Particular mention is made by the jury of Naked House (2000), a two-storey inner space offering four semi-open "rooms" that can be moved about on castors and thus configured freely and used as required. The building itself is a timber frame clad in translucent corrugated plastic and sections of white acrylic, and at night evokes the glowing light of shoji screens.

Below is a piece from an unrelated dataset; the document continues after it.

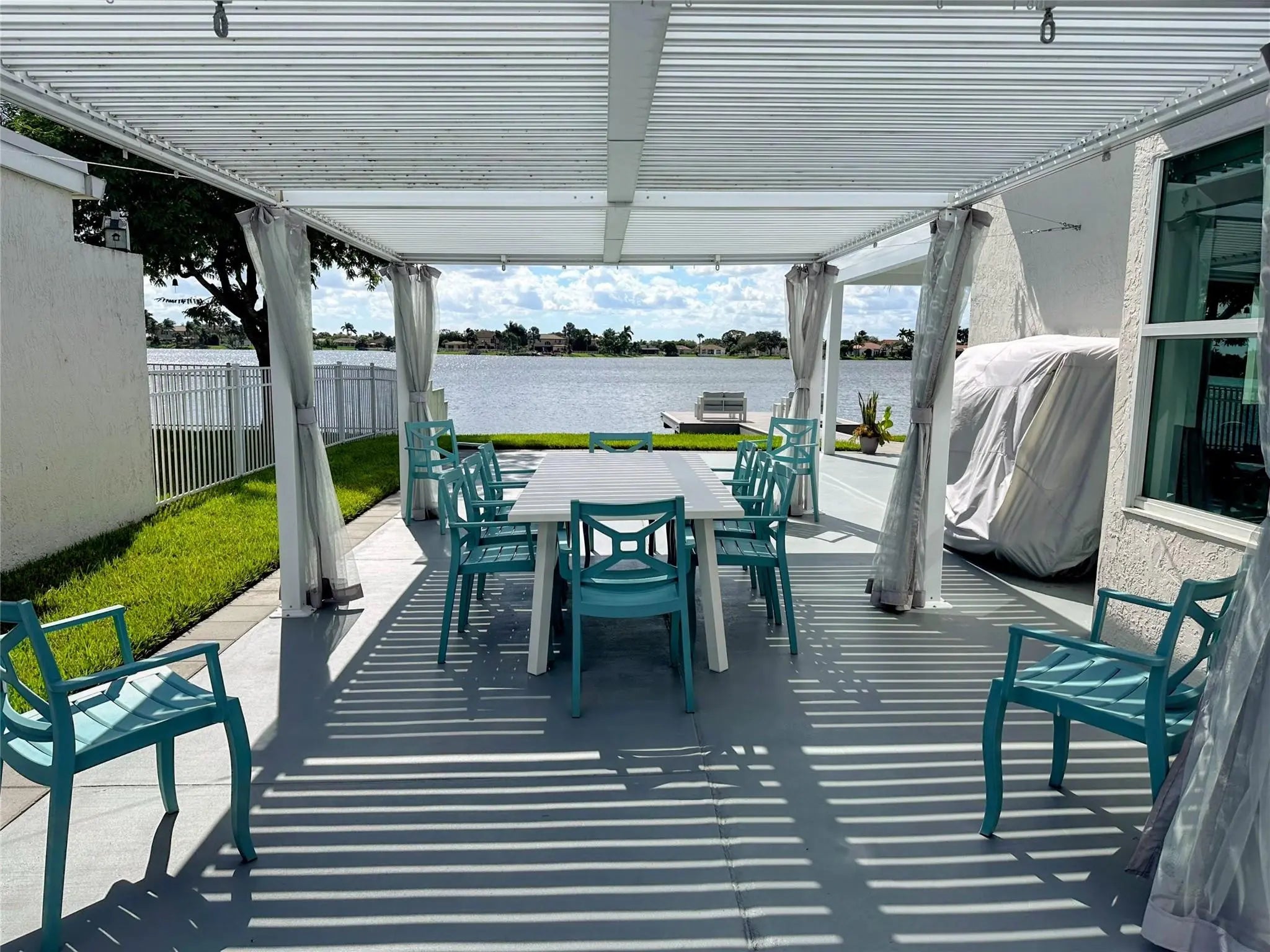 Modern, fully upgraded lakefront smart home in a private Pembroke Pines community. This stunning 3/2 features porcelain tile throughout, impact windows/doors, custom closets, elegant bathrooms, and a luxury kitchen with solid wood cabinetry, premium counters, stainless appliances, and a wine cooler. The finished double garage adds flexible living with A/C, LED lighting, and matching tile. Enjoy seamless smart control of lighting, climate, irrigation, water filtration, and security. Step outside to a resort-style backyard with a maintenance-free dock, solar lighting, built-in speakers, a sleek covered patio, and a modern pergola — all overlooking peaceful lake views. Move-in ready perfection!

In his Curtain Wall House of 1995, Ban blurred the boundaries of the architect's understanding of "walls" and "outer skin", marking the building's perimeter with two-story-high white curtains that can be opened and closed as required. Plus the front and back of his 14-storey Nicolas G. Hayek Center features tall glass shutters that can also be fully opened. Shipping containers were used by Ban to construct the Nomadic Museum, which travelled from New York in 2005 to Santa Monica in 2006 and Tokyo in 2007. Aspen Art Museum, another design by Shigeru Ban, is scheduled to open in August 2014.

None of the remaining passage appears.